A private policy would have cost at least $400 to $500 a month — still unaffordable, she said.
But for a total of $240 monthly for All Kids and FamilyCare, the Bloomfield family has no co-pay for doctor visits for the children and only a few dollars when the parents need care.
The Bloomfields used to pay $120 per child each month for the boys’ ADHD medicine. With All Kids, each prescription costs $7. The parents’ co-pays are nothing for generics and $3 for brand-name drugs.
Mary and Thomas Bloomfield said there is no shame in getting coverage from the tax-supported programs.
“Insurance is just untouchable anymore,” Thomas said.
Mary added: “We still have to pay for things. I’ve worked for 20 years, paying taxes, so right now I don’t feel bad. I feel they can help me in my time of need.”
Dean Olsen can be reached at (217) 788-1543 or firstname.lastname@example.org.
FAMILY CARE SIDE
Gov. Rod Blagojevich’s administration, state lawmakers and other observers disagree whether the Chicago Democrat should have expanded the FamilyCare program to cover parents earning up to four times the federal poverty level.
“It’s difficult to justify taxpayers basically subsidizing families that are making $80,000 a year, particularly when some of the very families doing the subsidization are making $40,000 a year,” says state Sen. Christine Radogno, R-Lemont.
Blagojevich aide Abby Ottenhoff disagrees.
For one thing, the program isn’t free for middle-income families, she said.
“The families who participate pay premiums, and the higher your income, the higher your premium, so the state subsidy for people who have higher incomes is very, very minimal,” Ottenhoff said.

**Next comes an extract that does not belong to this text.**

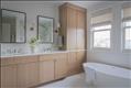 Ascend the staircase to the second level, where the luxurious primary bedroom suite awaits to your left. This suite includes a walk-in closet, two additional closets, a spacious en suite bathroom with dual vanities, a shower enclosure with a bench, and a freestanding soaking tub. Straight ahead and to the right, you'll find two more well-appointed bedrooms, each with its own en suite bathroom, offering comfort and privacy for family or guests.

Families who are near the $80,000 income level in the FamilyCare program “either are unable to get coverage on the private market right now because of a pre-existing condition, so they’re just uninsurable,” Ottenhoff said. “Or they don’t have access to employer-sponsored coverage and would have to get it on the private market, which could mean having to spend up to a quarter of their family income on health premiums.”

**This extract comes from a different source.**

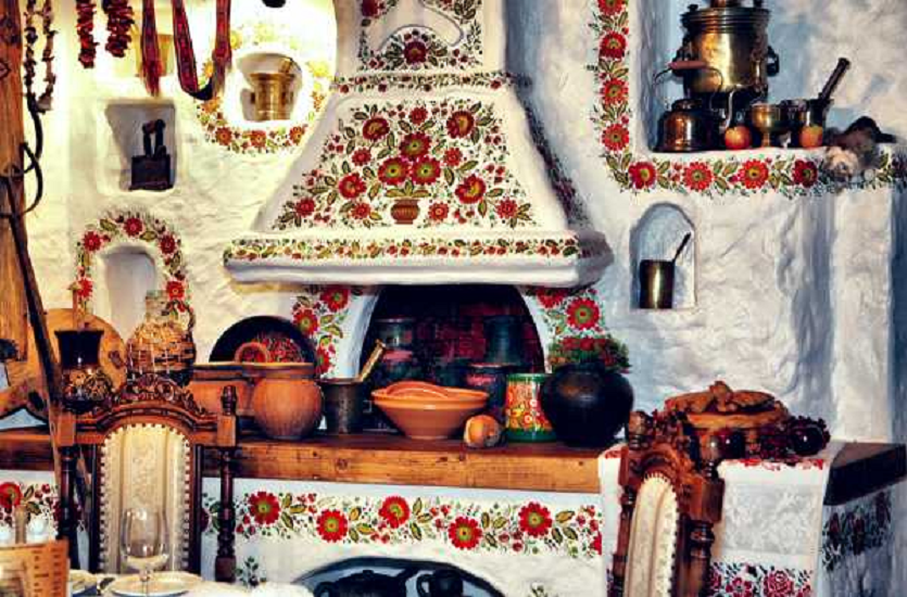 Поскольку интерьер с украинской стилистикой создается в квартире, то он имеет право сочетать в себе характерные черты и современный подход. Можно применить в отделке стен мозаичное панно с растительным принтом. Нежелательно отклоняться от требуемых оттенков – белого или бежевого в качестве фона, и красного, черного, коричневого или другого яркого в узоре.

She said the average premium for family health insurance is $15,000 a year.
“After health care, you can’t really afford to pay a mortgage or normal expenses for kids,” she said.
But Radogno, a former hospital social worker, said she favors a more focused approach to the problems faced by the uninsured.

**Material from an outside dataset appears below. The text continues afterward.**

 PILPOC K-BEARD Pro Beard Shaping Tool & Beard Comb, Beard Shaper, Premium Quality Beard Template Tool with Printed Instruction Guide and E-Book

“How does one individual define that they can or cannot afford something?” she asked. “That’s sort of a variable standard, and that’s probably a discussion as policy-makers we need to have. Government is probably not the best entity to mediate everyone’s circumstances.”
She favors allowing health insurers to offer stripped-down policies, free of expensive state requirements to cover certain health conditions.
State Reps. Rich Brauer, R-Petersburg, and Gary Hannig, D-Litchfield, also said health-care expansion is too important to do without General Assembly support.
“This needs to go through the process and have a fair debate,” Brauer said.
Hannig and Rep. David Leitch, R-Peoria, said the governor’s health-care expansion could add to the state’s debts and become part of a financial crisis that could end up denying citizens a variety of state services.
“Clearly there’s a potential for some good” with Blagojevich’s FamilyCare expansion, Leitch said. “But to expand this without being able to pay for it now … is just the height of irresponsibility.”
Jerome Stermer, president of Chicago-based Voices for Illinois Children, said his group is glad the expansion is happening, but concerned that resentment generated by the governor’s methods could jeopardize future funding of FamilyCare.